Because of his long exposure to all the shenanigans that have bedeviled Nigeria’s 4th Republic, Ekweremadu is complicit in enabling and sustaining the unacceptable status quo in which the country is currently mired. It is, therefore, not an overstatement to assert that the senator is part and parcel of the very sociopolitical malady which he now wishes to lead in curing. The subject of determining how best to extricate Ndiigbo and their neighbors in the Lower Niger must first start with the rebuilding of regional solidarity among Ndiigbo and all the other ethnic nationalities that constitute the Lower Niger, not the sending of delegations to prostrate and plead at the feet of those who truly believe that Nigeria “is the estate of their great grandfather, Othman Dan Fodio”. This is the primary agenda that propels the LONIM.

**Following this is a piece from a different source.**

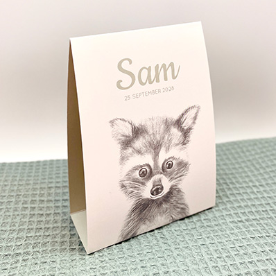Vier de komst van jullie kleintje met ons unieke geboortekaartje in de vorm van een tent, met een potloodtekening van een lief wasbeertje. In zachte grijze tinten, is dit kaartje ideaal voor een jongen. Personaliseer het kaartje volledig naar eigen smaak, inclusief de toevoeging van de babynaam en geboortegegevens. Bestel een proefdruk om de bijzondere details van dit ontwerp te ervaren. De kaart is bovendien eenvoudig in elkaar te vouwen, zonder lijm.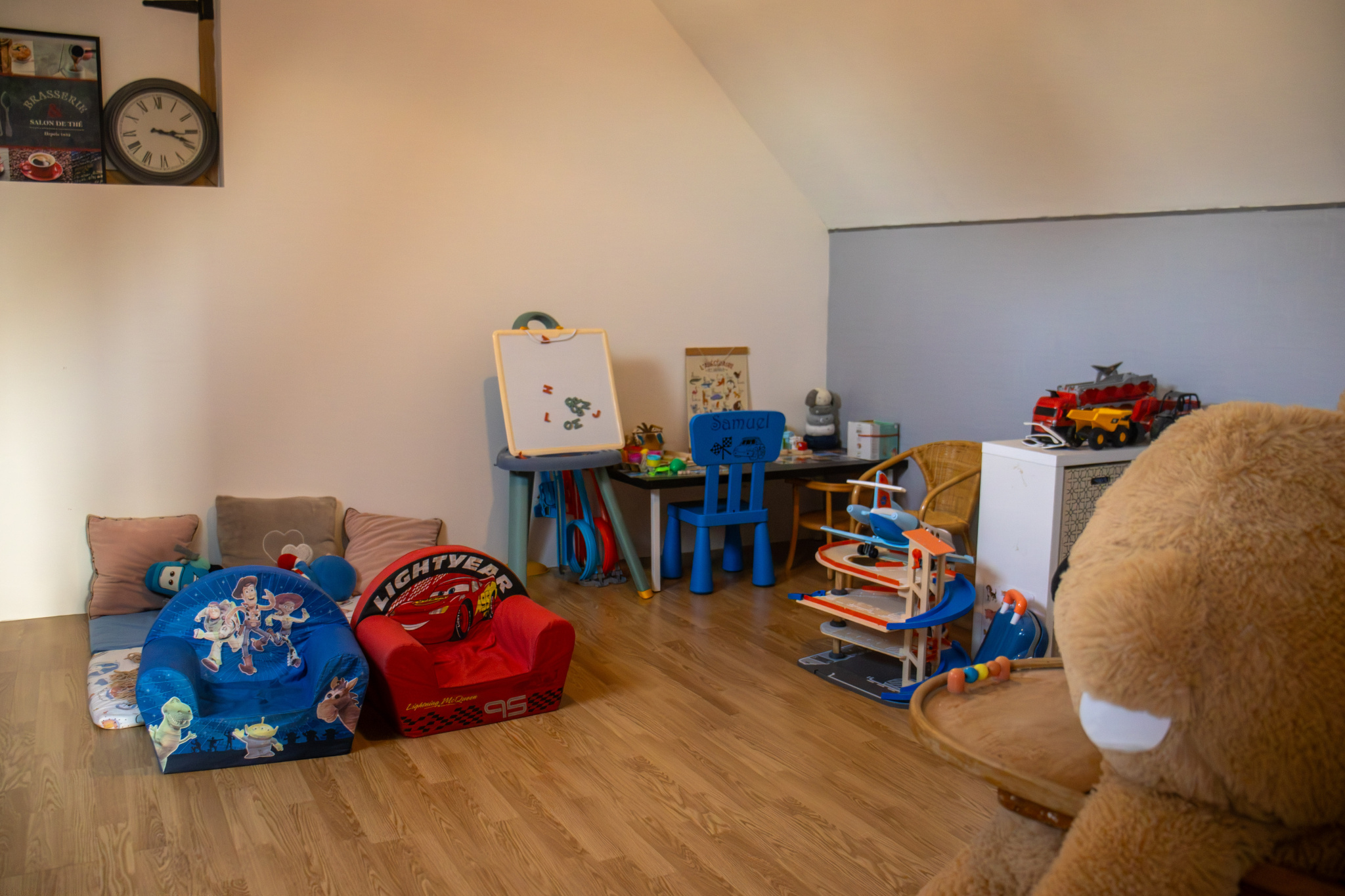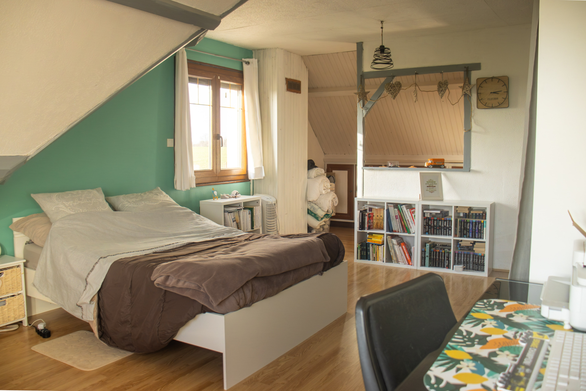 A l'étage, un palier, une chambre et une suite parentale avec douche.

My counsel to Senator Ekweremadu is that he should come down from his high horse so that he can join the rest of his fellow bewildered constituents to use our feet to locate our common ancestral treasure that sank to bottom of the murky neighborhood pond. The highfalutin solutions emanating from him are actually no solutions at all. The senator talks as someone whose primary interest is appeasement of and supplication to minders of the status quo.
He conveys the impression that has shown no comprehension about the underlying pathogenesis of Nigeria’s national malaise and the sense of urgency required to actualize the self-redemption of his enslaved kith and kin within our very own ancestral lands in Alaigbo by the born-to-rule scions of the Sokoto Islamic Caliphate of the Arewa North.